От самого Булгакова я так ничего и не добился. На следующий день после ухудшения состояния в течение нескольких часов он находился в ясном сознании и был весьма общителен, — но ничего не мог вспомнить о злополучной ночи. Мне пришлось снова подступить с расспросами к служанке, которая, кстати сказать, с того самого дня выполняла свои обязанности с решимостью и рвением, каких прежде за ней не наблюдалось.
Настя немного смогла — или захотела? — добавить к своему рассказу. Мастер отправился в постель около девяти часов, выпив чашку теплого миндального молока. Он пожаловался на «несъедобный» ужин, поданный несколькими часами ранее, и потребовал, чтобы Настя назвала ему имя того, кто готовил бульон. Затем сказал, что, поскольку ему стало лучше, Настя должна быть умеренней в расходах и есть жареное мясо не чаще двух раз в неделю. Об этом она доложила мне со всеми подробностями. Был, однако же, один вопрос, на который я не получил прямого ответа:
— В тот вечер ты не оставляла Мастера одного?
— Нет, товарищ доктор. То есть только когда занималась своими делами. Вы же понимаете, Николай Александрович, я не могу неотлучно находиться при нем и в то же время убираться на кухне.
Затравленно глядя на меня, словно голодная собачонка, которую я по злобе пнул ногой, Настя потупила взгляд и вытерла костлявые руки о засаленный передник. Я понял, что дальнейшие расспросы бессмысленны, и решил дождаться случая и приватно побеседовать с Поповом. Я чувствовал, что ему может быть известно кое-что важное для меня, но, как человек по природе своей скрытный, он не станет говорить со мной при других. Существовало лишь три темы, на которые Попов позволял себе пространно и громогласно высказываться: о литературе, коммунистической морали и политике партии и правительства.
За первые недели визитов к Булгакову я привык к тому, что в его комнате постоянно толкались люди. Многие из них, казалось, чуть ли не поселились там. Я осматривал пациента, давал распоряжения прислуге или разъяснял Попову те или иные изменения в курсе лечения, а посетители молча наблюдали за моими прозаическими действиями. В иные дни, особенно когда Булгаков был совсем плох, они предавались беседам. Говорили, как правило, почтительно-приглушенными голосами: большей частью речь шла о литературе, поскольку почти все они были литераторами, критиками — профессионалами или любителями. Или же перебирали городские сплетни, обсуждали ход начавшихся боевых действий в Финляндии, либо перемены в политической жизни, считая их неизбежными.

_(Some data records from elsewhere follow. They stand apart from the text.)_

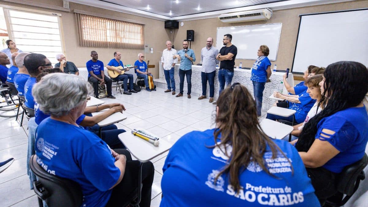 Na tarde da última segunda-feira (28), o prefeito de São Carlos, Netto Donato, visitou o ensaio do coral “Além do Olhar”, realizado na Fundação Educacional de São Carlos (FESC). O grupo, formado por pessoas com deficiência visual, emocionou o público presente com apresentações marcadas por sensibilidade e superação.
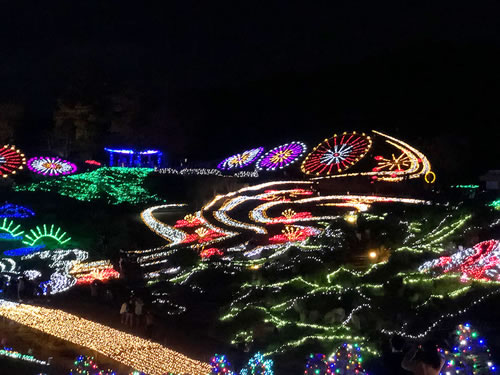 その奥方向は 水と水車?? 黄金色の(違うように見えるけど・?) そして 光の宮殿 (どれが??) 一足早いChristmas 少しだけ暖かかった日 光の海は広大な公園一杯にちりばめられて 勿論 カメラ抱えて 歩きましたとさ by fujiko (2019.12.20UP) 〔To be continued〕⇒
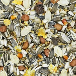 Zloženie: sušené ovocie- banány, papaia, ananás, hrozienka, kokos, burské orechy – lúpané, nelúpané, čili, granule, tekvicové semienka, hrachové a kukuričné vločky, puffovaná pšenica, slnečnica biela, ryža.
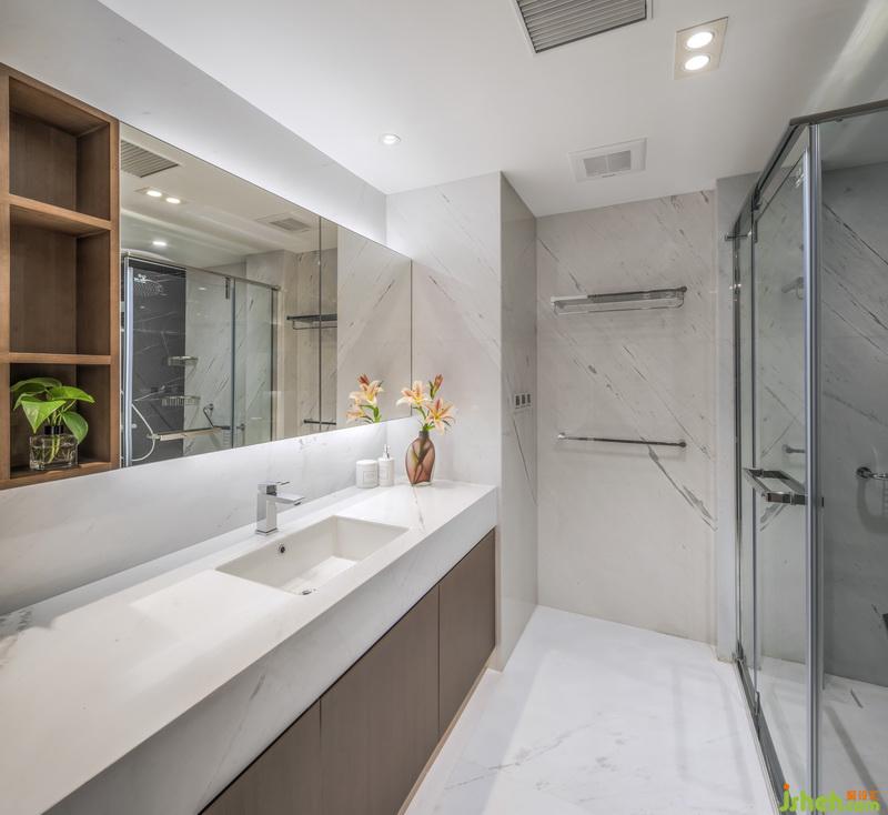 衛(wèi)生間功能性設(shè)置為主,馬桶區(qū)淋浴區(qū)與臺盆區(qū)并列設(shè)置,長長的鏡柜一半封閉一半敞開,兼顧儲物與日常生活。

— Трудовой граф Алексей Толстой опять строил из себя шута, — сказал однажды Павел Попов, вбегая в комнату и бросая в ноги Булгакову номер «Литературной газеты».
Булгаков в это время крепко спал после лекарства, которое я дал ему в надежде уменьшить невыносимые боли в пояснице. В комнате находились Попов, Люстерник (он недавно приехал из Швейцарии и работал на Центральном радио, вещавшим на французском и немецком языках, в СССР его привела любовь к русскому языку и Тургенев, вернее — его произведения), Были здесь Сергей Шиловский и еще два человека, которых я прежде встречал у Булгакова только один-два раза.
— ...Этот осёл уже имеет наглость указывать, какая литература должна выходить из-под пера писателей, а какая — нет, — продолжал Попов. — Придёт ли этому конец?
Сергей Шиловский сидел у постели Мака на стуле с высокой прямой спинкой и читал. Он захлопнул книгу, встал и подошел к Попову, который глядел в окно на снегопад.
— Но ведь вы отрицаете все формы цензуры, Павел Сергеевич? — спросил Сергей Шиловский.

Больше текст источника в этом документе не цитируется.